Alexander Bradley, who is currently serving time in a Connecticut prison for shooting up a Hartford club in 2013, took the stand and described events of the night in great detail.
From Yahoo!:
Separated by six court officers, either directly between them or ready to restrain. Separated by the distance between the witness stand (Bradley) and the defense table (Hernandez), although under different circumstances those positions could have been reversed. Separated because their relationship is as complex as it is combustible, most apparent perhaps when Bradley explained to the jury why he didn’t go to the police even after Hernandez allegedly pointed a gun between his eyebrows, fired and left him to die in an alley of an industrial area of South Florida.
Bradley survived with one eye but all his vengeance. Talking to the cops didn’t just violate his no-snitching street ethos, it violated any sense of fairness.
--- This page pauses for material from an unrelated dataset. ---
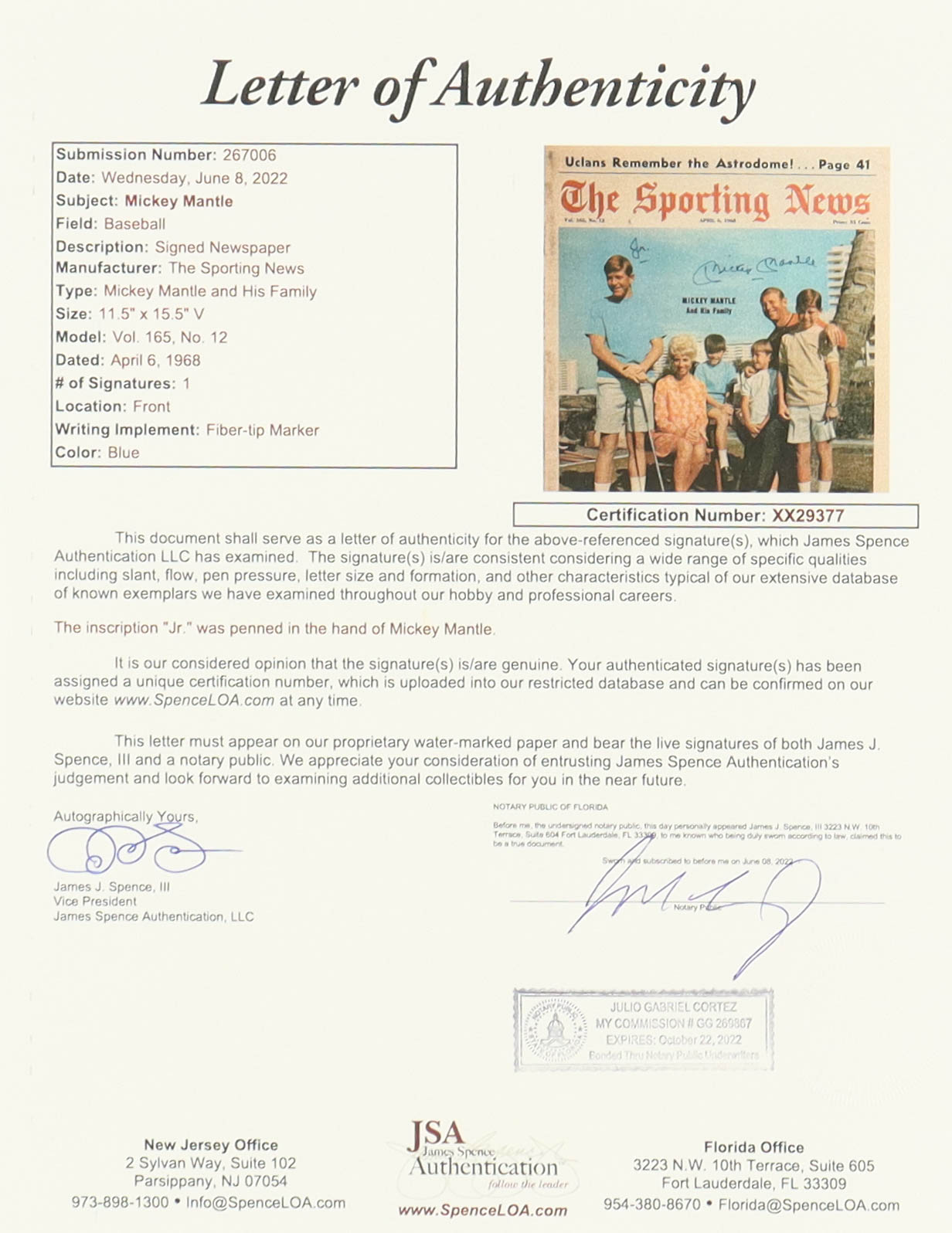 Mickey Mantle Signed 1968 "The Sporting News" Magazine Inscribed "Jr." (JSA)

“I didn’t want to talk to the police,” Bradley said. “I wanted Mr. Hernandez. I wanted his life.”
The tone chilled an already tense courtroom as Bradley stared with his left eye, the one that still worked, directly at Hernandez. He tilted his head to the right and shook it in fury at his old friend. These were no empty words, no posing. Given the chance, Bradley would almost certainly kill Hernandez. And vice versa, at least if Hernandez learned that when it comes to Alexander Bradley, it takes more than one close-range shot to the skull to finish him.
Judge Jeffrey Locke broke for lunch right then, leaving Bradley’s words and stare to hang over a jury stuck contemplating the levels of personal betrayal overwhelming this case. As court officers ushered Bradley out, he walked past Hernandez, the two of them locked in a shared look of pure menace.
Hernandez is charged with killing Daniel de Abreu and Safiro Furtado in a 2012 drive-by shooting after a brief encounter earlier at a Boston nightclub. Bradley is the state’s star witness, the driver of the vehicle Hernandez was in that night and the lone eyewitness capable of putting the gun in the former New England Patriot’s hand.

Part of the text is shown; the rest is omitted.